In the case of newborns, some of the most common causes of jaundice include:

  • Physiological jaundice
  • Maternal-fetal blood group incompatibility (Rh, ABO)
  • Breast milk jaundice
  • Breastfeeding jaundice
  • Cephalohematoma referred to as a formation of blood under the scalp

In some cases, hyperbilirubinemia can also be caused owing to a lack of digestive bacteria in newborns. This, in turn, prevents the proper breakdown of bilirubin also known as neonatal hyperbilirubinemia.

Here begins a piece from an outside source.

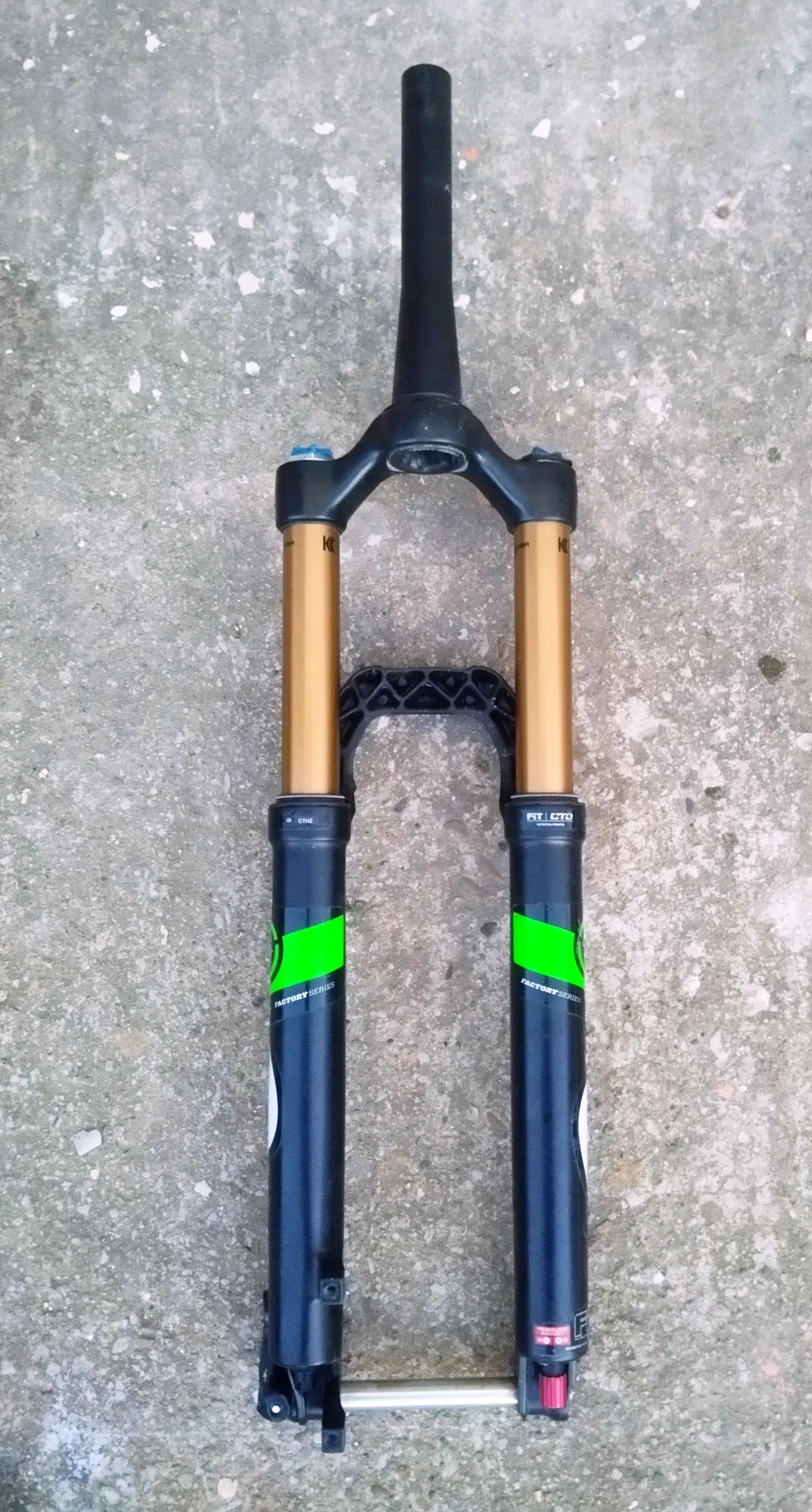 Fox F32, nejvyšší verze vidlice Factory, s osou QR 15 s úpravou Kashima o zdvihu 140 mm. Nastavení tlaku vzduchu, odskoku, 3 úrovně komprese CTD až po lockout, nastavení rychlé komprese, patróna FIT. Lehká a spolehlivá vidlice, téměř nepoužitá, sloupek tapered 20 cm, pre kotoučové brzdy, excelentní hmotnost 1590 g, spolu s originál osí FOX 15x100 mm. Původná cena 19500 kč, teď 5900 kč. Slavkov u Uh. Brodu nebo zašlu i zásilkovnou.

Further, one needs to understand that jaundice as such isn’t indicative of a disease; it actually a symptom or a precursor of something more. Which is why people suffering from jaundice might also have any of the following complications:

  • Alcohol abuse
  • Liver cancer
  • Blood disorders
  • Liver infection
  • Liver Cirrhosis (Liver scarring owing to excessive alcohol consumption)
  • Presence of Gallstones
  • Pancreatic cancer
  • Hepatitis (Swollen liver that decreases its functionality).
  • An overdose or an adverse reaction to the certain type of medications.

Treatment

In order to accurately diagnose jaundice, the consulting doctor will initially ask the patient to furnish his full medical history following which a physical exam will be conducted. Thereon, a diagnostic blood test might be undertaken to check for the presence of hepatitis virus antibodies and to analyze the levels of bilirubin, abnormal red blood cells along with any other substances that are indicative of liver function.

Depending on the nature of jaundice, an appropriate treatment plan will be suggested. If it is caused by viral hepatitis, it will recover on its own as the infection resolves itself. If the cause is other infections, then a specific recovery plan will be devised. For instance, obstruction-induced jaundice will be treated through surgical removal of the obstruction. In case the jaundice has been triggered due to a certain medication, the doctor might advise to change the medication and switch over to an alternative medication. In any case, plenty of rest and fluid consumption will be recommended. The ultimate aim of the treatment is to prevent bilirubin levels from developing to hazardous levels. If the bilirubin has crossed dangerous proportions, blood transfusions will be required in order to get rid of the excess build-up of bilirubin and to rejuvenate the RBCs.